他一时无语,正好同事勘查完了现场,过来向他汇报情况:“严队,从初步验尸结果来看,女死者是被人勒颈窒息而死,尸体已完全白骨化,死亡时间在五年往上。”

“而且死者身边也没留下证件等能证明她身份的东西,我们需要回到局里根据死者头骨构建面部轮廓,以此来找到死者的身份信息。”
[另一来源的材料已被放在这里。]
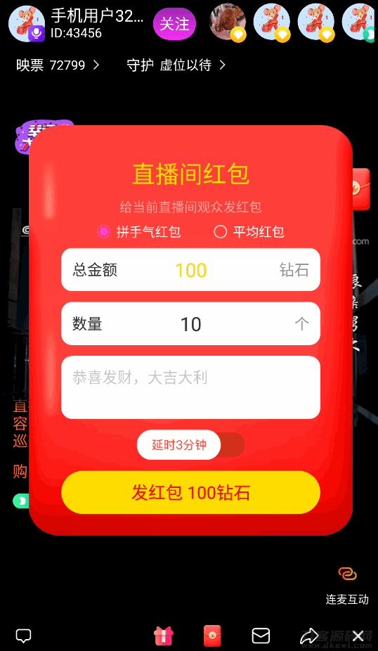 4.每日在线任务,直播间红包,直播连麦,直播pk,会员靓号坐骑

“哦,她叫王明月,1993年生人,家住黑省辽市枣家镇厂沟村555号。”

此话一出,不止严警官和小警员,其他警察的视线也都落在了祁缈身上。

祁缈挠挠鼻子,视线转向别处,假装刚才的话不是自己说的。

严警官沉吟一下,问她:“能不能借一步说话?”

“好呀。”

两人去了另一间没人的屋子。

房门一关,严警官直接开门见山,“关于这件案子,你还知道些什么?”

祁缈在床沿边坐下,双手环胸,“那要看你想知道什么了。”

“凶手是谁?”

“我知道。”

“凶手在哪?”

“知道。”

“让凶手认罪的证据?”

“嗯哼,也知道。”

严警官:也就是说你什么都知道呗。

这辈子没打过这么富裕的仗。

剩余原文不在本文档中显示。